*** Given data Section Begins ***

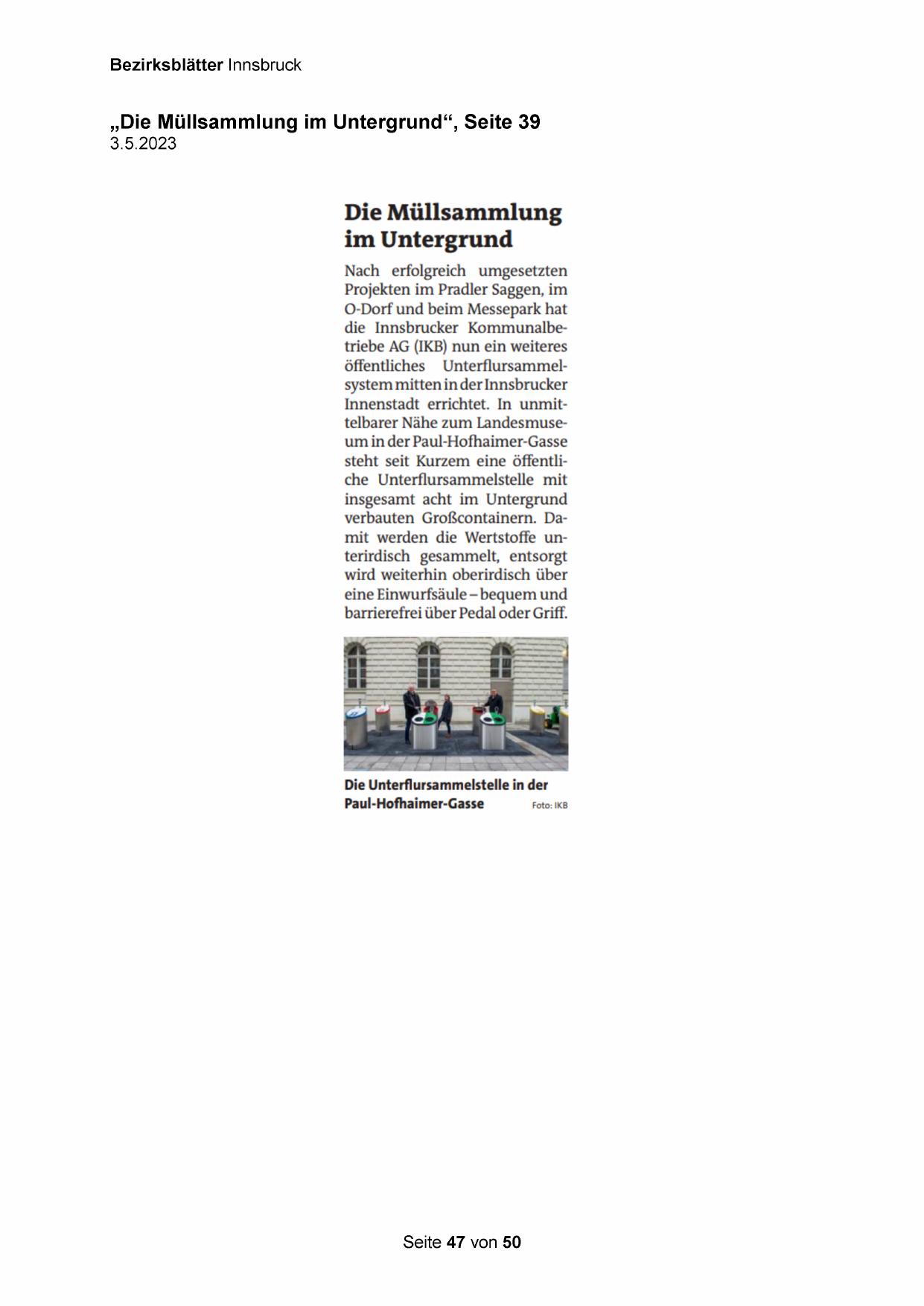 öffentliches Unterflursammelsystem mitten in der Innsbrucker
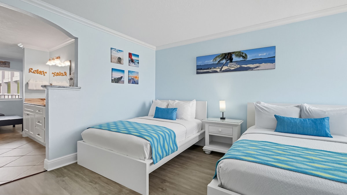 Suite King en Las Olas – Comodidad moderna a pasos de la arena Toma el sol y relájate en Las Olas of Treasure Island, una escapada costera boutique justo enfrente de las aguas cristalinas de Treasure Island Beach. Una joya de 12 habitaciones limpias y cómodas diseñadas para los amantes de la playa. Esta suite King tiene capacidad para 4 personas con un sofá cama Queen, cocina y todos los elementos esenciales para que te sientas como en casa. Comodidades modernas con encanto junto a la playa Las Olas ~ ¡déjate guiar por las olas!
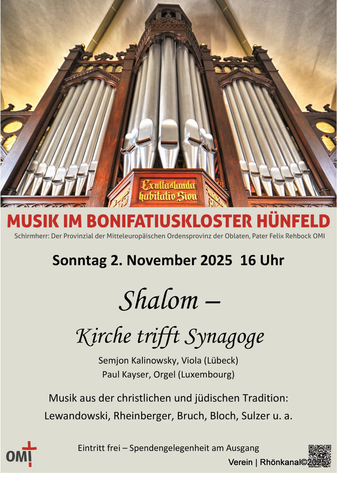 „Shalom – Kirche trifft Synagoge“: Unter diesem Motto findet das nächste Konzert in der Reihe „Musik im Bonifatiuskloster Hünfeld“ am Sonntag, den 2. November um 16 Uhr statt.
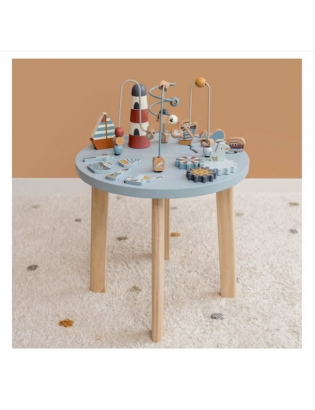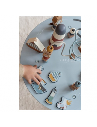 Votre enfant prendra plaisir à découvrir toutes les activités sur cette table d'éveil. Il pourra aider les mouettes à passer les perles de part et d'autre de la spirale, construire le phare, encastrer les formes, faire tourner les engrenages et naviguer sur l'océan avec les petits bateaux.

*** Given data Section Ends ***

The task.
Repeat the material above word for word; no images go in the copy.

Task result.
 öffentliches Unterflursammelsystem mitten in der Innsbrucker
 Suite King en Las Olas – Comodidad moderna a pasos de la arena Toma el sol y relájate en Las Olas of Treasure Island, una escapada costera boutique justo enfrente de las aguas cristalinas de Treasure Island Beach. Una joya de 12 habitaciones limpias y cómodas diseñadas para los amantes de la playa. Esta suite King tiene capacidad para 4 personas con un sofá cama Queen, cocina y todos los elementos esenciales para que te sientas como en casa. Comodidades modernas con encanto junto a la playa Las Olas ~ ¡déjate guiar por las olas!
 „Shalom – Kirche trifft Synagoge“: Unter diesem Motto findet das nächste Konzert in der Reihe „Musik im Bonifatiuskloster Hünfeld“ am Sonntag, den 2. November um 16 Uhr statt.
 Votre enfant prendra plaisir à découvrir toutes les activités sur cette table d'éveil. Il pourra aider les mouettes à passer les perles de part et d'autre de la spirale, construire le phare, encastrer les formes, faire tourner les engrenages et naviguer sur l'océan avec les petits bateaux.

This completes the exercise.